Dataset excerpt Start Marker
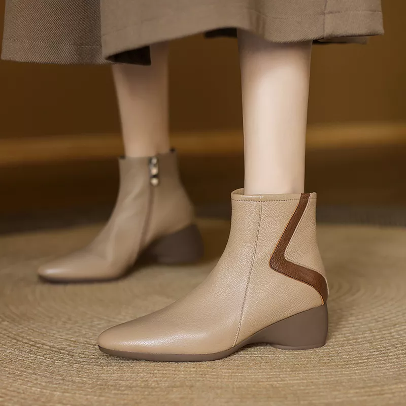 Upgrade your wardrobe with these elegant ankle boots designed to combine fashion and functionality. With a classic round toe and a comfortable square high heel, these boots are perfect for adding a touch of sophistication to any outfit. The genuine cow leather upper and soft short plush lining ensure warmth and durability, keeping your feet cozy during chilly days. Designed with a sleek zipper, these boots are easy to slip on and off, offering convenience without compromising style.
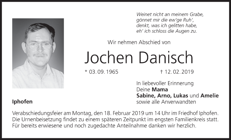 Hier finden Sie alle Traueranzeigen aus der Zeitung, die bisher für Jochen Danisch erschienen sind. Weitere Traueranzeigen, die in der Zeitung erscheinen, werden hier ebenfalls aufgelistet
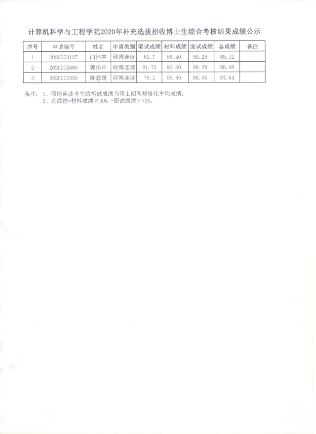 太阳成集团122ccvip2020年补充选拔招收博士生综合考核结果成绩公示
Dataset excerpt End Marker
- Your task:
Reproduce the data above word for word and omit the images.

- Exercise answer:
 Upgrade your wardrobe with these elegant ankle boots designed to combine fashion and functionality. With a classic round toe and a comfortable square high heel, these boots are perfect for adding a touch of sophistication to any outfit. The genuine cow leather upper and soft short plush lining ensure warmth and durability, keeping your feet cozy during chilly days. Designed with a sleek zipper, these boots are easy to slip on and off, offering convenience without compromising style.
 Hier finden Sie alle Traueranzeigen aus der Zeitung, die bisher für Jochen Danisch erschienen sind. Weitere Traueranzeigen, die in der Zeitung erscheinen, werden hier ebenfalls aufgelistet
 太阳成集团122ccvip2020年补充选拔招收博士生综合考核结果成绩公示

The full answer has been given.